## TASK OBJECTIVE
Would you give again, exactly as written, the lines from the opening of the records to the line with "北部湾大学的高等教育始创于1", that line included and pictures excluded?

## SUPPLIED DATA
Segment Open
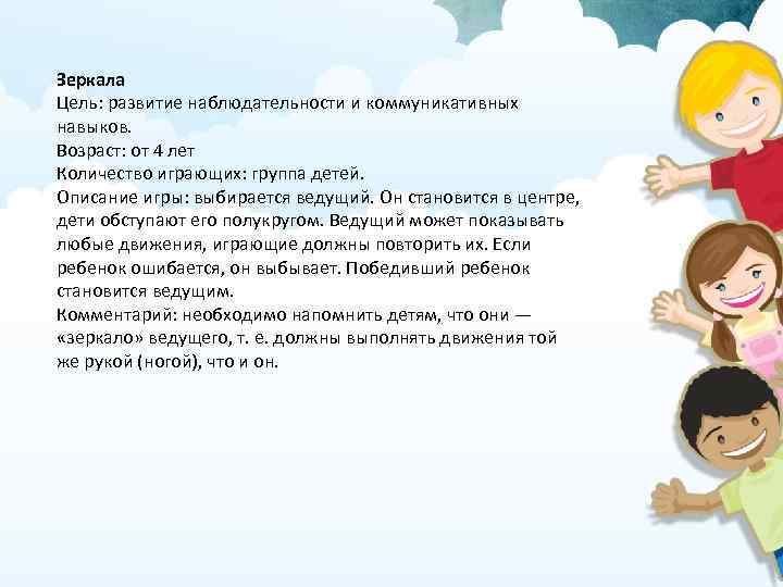 Зеркала Цель: развитие наблюдательности и коммуникативных навыков. Возраст: от 4 лет Количество играющих: группа детей. Описание игры: выбирается ведущий. Он становится в центре, дети обступают его полукругом. Ведущий может показывать любые движения, играющие должны повторить их. Если ребенок ошибается, он выбывает. Победивший ребенок становится ведущим. Комментарий: необходимо напомнить детям, что они — «зеркало» ведущего, т. е. должны выполнять движения той же рукой (ногой), что и он.
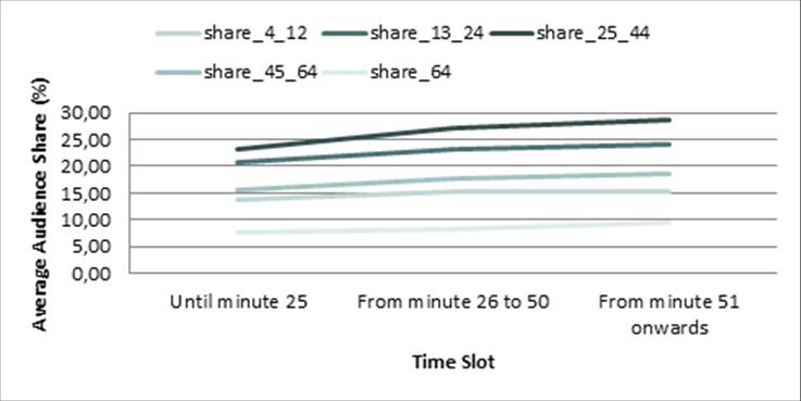 By age cohort (Table 2), the 25–44 age group exhibits the highest average viewership of La Revuelta (data in the final row of Table 2), followed, in descending order of average viewership, by the 13–24 age group, the 45–64 age group, the 4–12 age group, and, lastly, the 65+ age group.
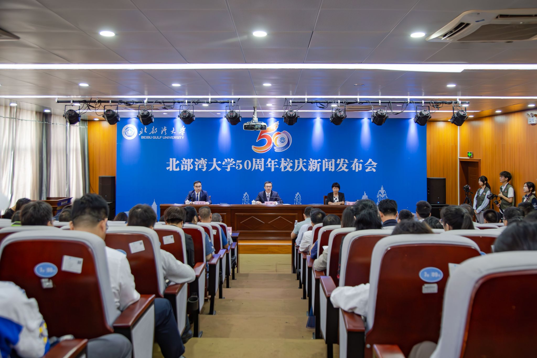 北部湾大学的高等教育始创于1973年的钦州地区师范学校,师范教育源于1906年从绥丰书院更名而来的钦州中学堂开设的简易师资班。从地区师范到师专、学院再到大学,北部湾大学五十载筚路蓝缕岁月峥嵘,始终初心如磐,艰辛求索,取得了令人瞩目的成就。为凝聚传承“博观内省,达道知行”校训,凸显“海洋性、应用型、国际化”办学特色,汇聚八方合力,奋力推进海洋特色鲜明的高水平应用型大学建设,扩大学校影响力,围绕“展示成就、提升品质、不忘初心、砥砺前行”的主题,学校将于2023年11月至12月,通过举办系列学术活动、形式多样的校友交流活动、文艺晚会、庆祝大会、编撰校史、建设校史馆等形式,全面总结办学经验,充分展示办学成就,庆祝北部湾大学建校50周年暨举办师范教育办学117周年。
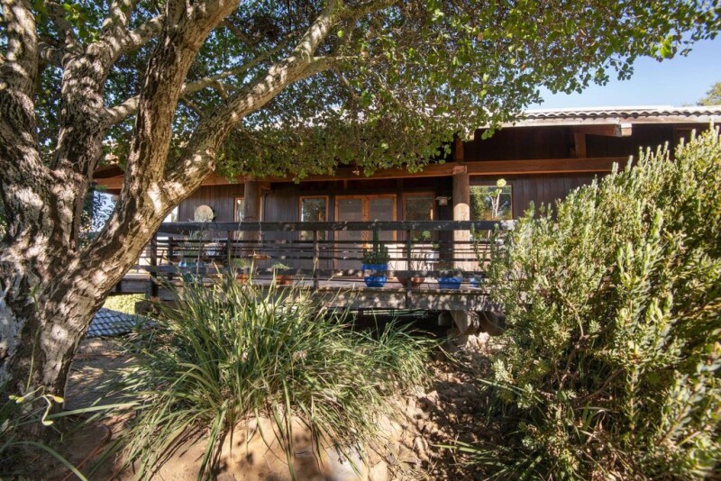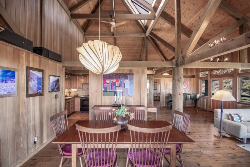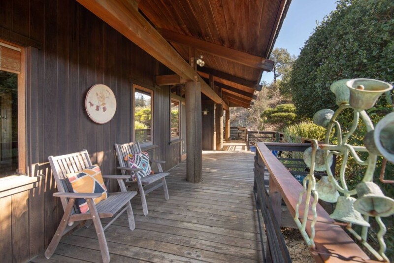 East meets West in the iconic Topanga Haiku House: where modern simplicity and exceptional design merge on nearly one acre of land with paths to make communing with Nature a daily ritual. Incredible Post and Beam construction with tile roof create Hawaiian vibes in an open, airy 4 bedroom floor plan with 20 foot ceilings, wrap around covered decks, and stunning views, including Eagle Rock and downtown LA on a clear day. Primary retreat has direct access to a private section of the deck with Redwood Hot Tub, the perfect place to enjoy your morning coffee while contemplating the day ahead. Kitchen, Dining, and Living room with commanding wood-burning Rock Fireplace that anchors the home all flow easily to provide warm, inviting places to gather with those you love. Redwood siding and interior, Cherry kitchen cabinetry and Distressed Hickory floors create multiple tones of wood throughout this well maintained home. Original vibrant tile bathrooms offer jewel toned accents to the neutral palette of this elegant country house. With Drought Tolerant and Native Landscaping, a Water Wise Irrigation System and Solar Panels, this home sits lightly on the land and is very low maintenance with electric bills offset significantly. Detached 2 car Garage provides ample room for storing tools and toys. Accessibilty ramp provides a stair free path from garage to house. Property is close to Saddle Peak, offering multiple options for ingress and egress. 10 minutes to town, 20 to PCH or Calabasas.
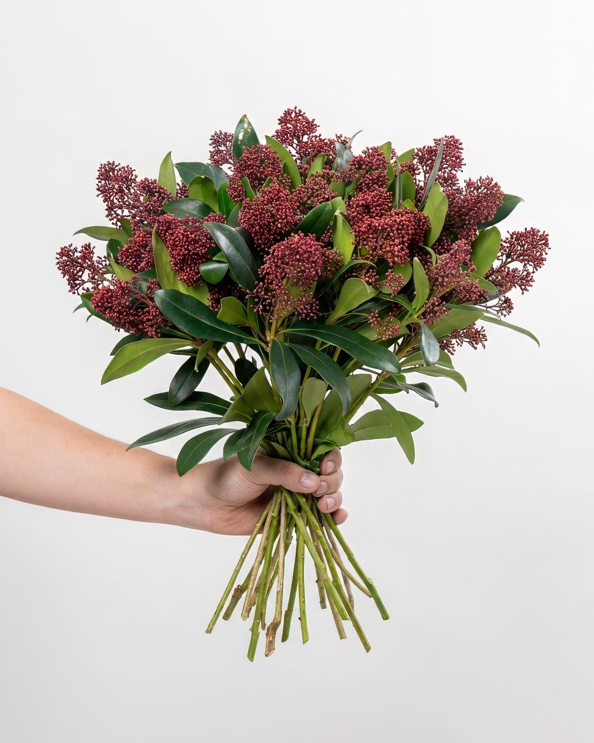 Freshly harvested and carefully packaged, Red Skimmia – Ruby ensures long-lasting freshness and quality, giving your arrangements a vibrant and luxurious finish.
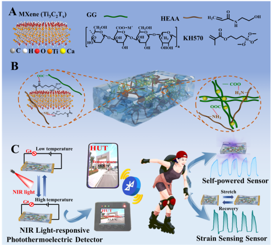 以Ca2+交联结冷胶(GG-Ca2+)为第一网络,聚(N-羟乙基丙烯酰胺)(PHEAA)为第二网络,3-(三甲氧基硅基)丙基甲基丙烯酸酯(KH570)修饰的MXene(K-MXene)纳米片为交联剂和功能性纳米填料,成功制备了一种具有高强韧、抗冻性和光-热-电响应性的电子/离子复合水凝胶(KMGHCa)。该水凝胶的多功能性主要源于MXene和Ca2+之间的协同作用。一方面,MXene既作为光热剂,在近红外光(NIR)照射下表现出优异的光热特性,又充当凝胶网络交联剂和导电填料的角色。另一方面,引入Ca2+进一步增强了水凝胶的机械强度、导电性和抗冻性。此外,生物相容性良好的多糖结冷胶(GG)在低浓度下即可快速凝胶化,而且其分子链中含有羧酸基团,能与Ca2+特异性结合形成Ca2+-COO-金属配位,促进GG的凝胶化。PHEAA具备柔韧性和弹性,PHEAA与GG之间的氢键作用,增强了水凝胶中聚合物链的缠结效应,赋予了水凝胶优异的机械性能。该多功能水凝胶在应变传感器、摩擦纳米发电机及近红外光-温度光热电探测器等领域具有广阔的应用前景。
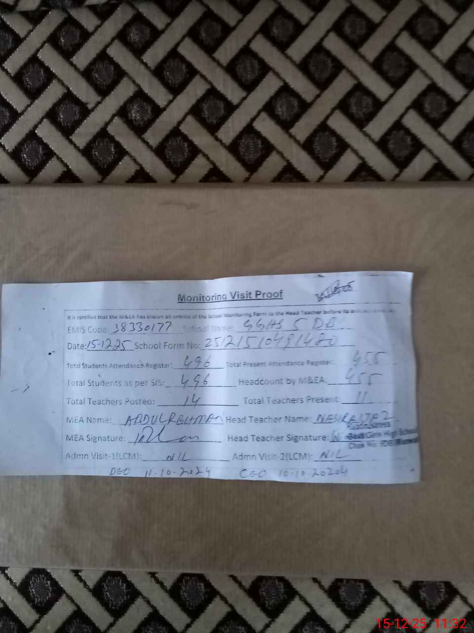 | Certified that this School was Inspected by the Undersigned MEA/DMO Today and the Information Stated Above is as Per Record. | |||||
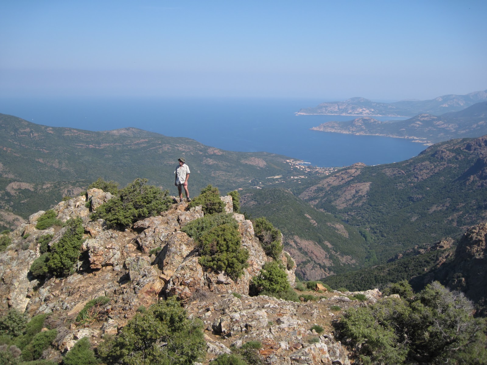 Next morning the route was from Girolata to Curzu - as we later found out, in many books, the official route misses a lot of this day out in a shorter and far easier variant. This was quite a tough and long day in the heat - however, it was a fantastic walk which I really enjoyed and I would recommend that you do it if you feel up to it. Keep your wits about you - some of the path is overgrown and route markers sometimes difficult to locate. It is an 18km walk with a stiff 1300m ascent and 1200m descent. The morning starts with a pretty relentless climb from sea level to 900m but what a fantastic walk - with constant views back to the Gulfe de Girolata, over to the next headland at Cap Senino and across to the Gulfe de Porto. There are also stunning view to the east of many Corsican mountains.
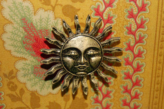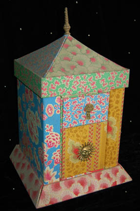 Description: A large multi patterned fabric covered jewelry box with a pair of deep drawers on the front and a pyramidal lid that comes away to reveal a sectional placement for knick knacks. Measures approx. 11.25 X 13 X 21 inches.
Segment Closed
## SOLVED EXERCISE
 Зеркала Цель: развитие наблюдательности и коммуникативных навыков. Возраст: от 4 лет Количество играющих: группа детей. Описание игры: выбирается ведущий. Он становится в центре, дети обступают его полукругом. Ведущий может показывать любые движения, играющие должны повторить их. Если ребенок ошибается, он выбывает. Победивший ребенок становится ведущим. Комментарий: необходимо напомнить детям, что они — «зеркало» ведущего, т. е. должны выполнять движения той же рукой (ногой), что и он.
 By age cohort (Table 2), the 25–44 age group exhibits the highest average viewership of La Revuelta (data in the final row of Table 2), followed, in descending order of average viewership, by the 13–24 age group, the 45–64 age group, the 4–12 age group, and, lastly, the 65+ age group.
 北部湾大学的高等教育始创于1973年的钦州地区师范学校,师范教育源于1906年从绥丰书院更名而来的钦州中学堂开设的简易师资班。从地区师范到师专、学院再到大学,北部湾大学五十载筚路蓝缕岁月峥嵘,始终初心如磐,艰辛求索,取得了令人瞩目的成就。为凝聚传承“博观内省,达道知行”校训,凸显“海洋性、应用型、国际化”办学特色,汇聚八方合力,奋力推进海洋特色鲜明的高水平应用型大学建设,扩大学校影响力,围绕“展示成就、提升品质、不忘初心、砥砺前行”的主题,学校将于2023年11月至12月,通过举办系列学术活动、形式多样的校友交流活动、文艺晚会、庆祝大会、编撰校史、建设校史馆等形式,全面总结办学经验,充分展示办学成就,庆祝北部湾大学建校50周年暨举办师范教育办学117周年。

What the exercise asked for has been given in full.